Greetings from your friendly neighborhood Autarch!
Admit it. The one thing you despise about GW/Citadel is the (over)price. And unless you are stinkin' rich, you don't mind finding cheaper alternatives to your paint and modeling gear and materials.
Here are some tips that you might find useful:
1. Modeling and painting surface. Next time you swing by your local dollar store, look through the kitchen ware. Somewhere amid the spatulas you'll probably find a little hard plastic cutting board. The cutting board is an obvious surface to place your sprues for cutting and sniping. It's also a steady surface where you can place your pieces for gluing. And, I like to flip mine over for a secure, waterproof painting surface. The cutting board is hardy, resistance to whatever you do on it, small and portable, and cheap.

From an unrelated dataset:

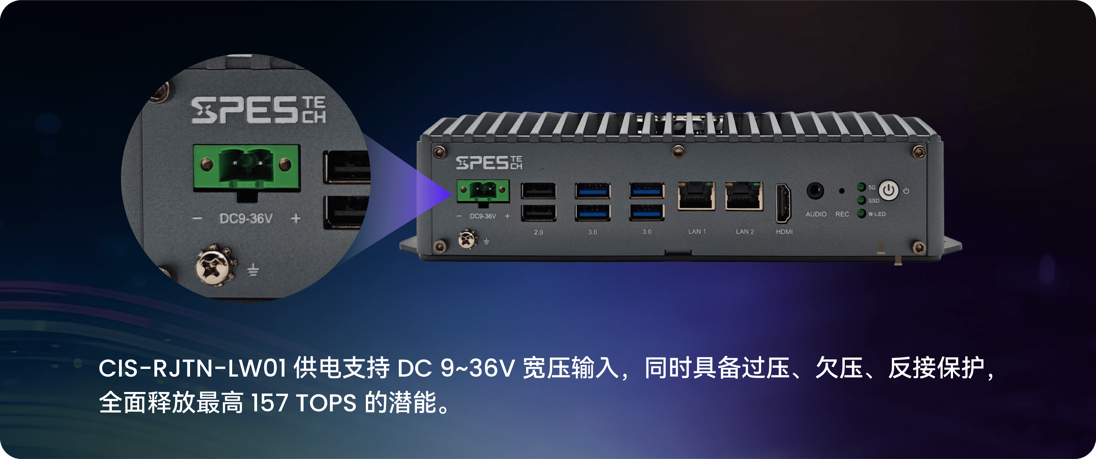 内外部宽压供电:电源效率往往嵌入式方案的关键考虑因素,CIS-RJTN-LW01 整机解锁 Super 模式下功耗需求比标准版提升了近一倍,对供电有更高的要求,CIS-RJTN-LW01 内部模组供电支持 5-20V 宽压,外部供电支持 DC 9~36V 宽压输入,同时具备过压、欠压、反接保护,全面释放最高 157 TOPS 的潜能。

2. Paint palette. I've seen people use their thumbnails and/or a fancy professional paint palette for mixing and thinning paints. I don't like either of those so... broken tile. My wife and I built our house about 10 years ago, and for some reason I stuck back a box of tiles used in our kitchen. When I got serious about miniature painting, I happened to think about this box of tile and pulled out a broken piece. It works great. Ceramic tile is obviously waterproof, thick, and resilient and heavy for a table top (so it won't move on you and splatter paint on your dining room table). A five by five inch piece should give you a great surface for your colors. Check your garage or dump or wherever a broken tile might lie, and you have a practically free 'expert' palette.
3. Water container. Sometimes you need just a little water for mixing into your paints, other times you need a lot for washing out brushes. Whatever the need, a plastic drinking cup, cut to size, should be all you need. My go-to container is a red plastic Solo-brand drinking cup, sliced around the base about a half inch up.

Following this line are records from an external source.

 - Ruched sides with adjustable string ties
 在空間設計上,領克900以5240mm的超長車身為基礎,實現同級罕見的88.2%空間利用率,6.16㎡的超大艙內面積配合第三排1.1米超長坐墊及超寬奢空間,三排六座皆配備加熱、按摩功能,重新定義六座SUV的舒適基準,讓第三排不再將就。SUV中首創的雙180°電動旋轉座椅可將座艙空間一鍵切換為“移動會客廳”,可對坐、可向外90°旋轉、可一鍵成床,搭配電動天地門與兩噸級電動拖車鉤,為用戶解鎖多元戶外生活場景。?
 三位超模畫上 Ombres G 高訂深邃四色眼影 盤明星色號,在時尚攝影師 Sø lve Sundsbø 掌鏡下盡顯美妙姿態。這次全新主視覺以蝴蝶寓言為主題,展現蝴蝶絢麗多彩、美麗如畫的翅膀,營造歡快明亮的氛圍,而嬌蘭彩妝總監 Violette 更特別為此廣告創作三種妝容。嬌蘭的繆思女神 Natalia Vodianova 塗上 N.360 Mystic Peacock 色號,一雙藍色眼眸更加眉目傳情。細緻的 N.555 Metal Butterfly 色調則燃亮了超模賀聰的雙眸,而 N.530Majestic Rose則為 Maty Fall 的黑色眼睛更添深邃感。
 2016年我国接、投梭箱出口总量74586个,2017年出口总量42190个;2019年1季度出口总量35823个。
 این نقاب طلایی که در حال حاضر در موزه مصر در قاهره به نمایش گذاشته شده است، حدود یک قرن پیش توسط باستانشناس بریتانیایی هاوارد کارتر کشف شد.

4. Glue. I don't have any Citadel glue for comparison on price or quality, but my 40k friends and I have much success with Loctite's SuperGlue Control Gel. Get the Gel. It cures what ails you.
5. Paints. I know this is a touchy subject for some people, and I too use the GW paints for the minis, but when it comes to bases, scenes, terrain, etc, the cheap craft store acrylic paint is the same stuff. You get 5 times the black and white and grey paint in easy to use tubes for the price of a little thumb-sized cup of the GW stuff. The ash wasteland terrain you've been dying to make could be yours for pennies on the GW dollar.
6. Spare parts containers. Tupperware... seems simple enough, but really I'm not sure everyone has thought to just pull out some of the old well-worn plasticware out of the cabinet for holding the little bits. And tupperware now comes in all sizes and shapes imaginable. And Gladeware makes a very cheap disposable version for snacks and sandwiches and ketchup... And if you want to go even cheaper? Blister packs! The packaging used to sell the stuff is also just fine for storing it as well. I know my Dark Reaper purchase came with a nice multi-bubbled plastic container that snaps back together.
7. Terrain building material. A Cardboard box can do wonders. I am infinitely amazed at how many types of terrain, whether ruins or natural scenes can be built out of a shipping box. So far, I've been able to make any type of terrain my imagination can muster. Granted, I might be a little more 'crafty' than the average Warhammer Gamer, but I think you'll be pleased with the cheap alternative building material of good ol' cardboard.
8. Static grass, etc. I don't know about you, but one of the most overpriced things in the Citadel section of the hobby store is the little tub of static grass. And don't get me started on the eight dollar tub of sand. SAND! Sand is, well, sand! If you have
to buy it, look at the toy department for a bag of child's play sand. Same stuff, larger quantity, much cheaper. Anyway, back to static grass. I was meandering through Hobby Lobby (our premier craft store) with my 4 year old son. He loves trains, so I took him to the model train section. We were only looking, mind you, since the model sets are 200 dollars or more a piece. And, low and behold, the same trees, static grass, sand, gravel, rock-face molds, even spray paint that GW sells was much cheaper and in larger quantities. 4 times the static grass for 3 dollars more I think is a great deal. And quality? Do you know how obsessed the model train people are? If it's good enough for them...
If you were able to take just one tip from this and make it work for you, or even gained a little inspiration for your own cheaper alternative from this, I've done my job. Hope you liked it.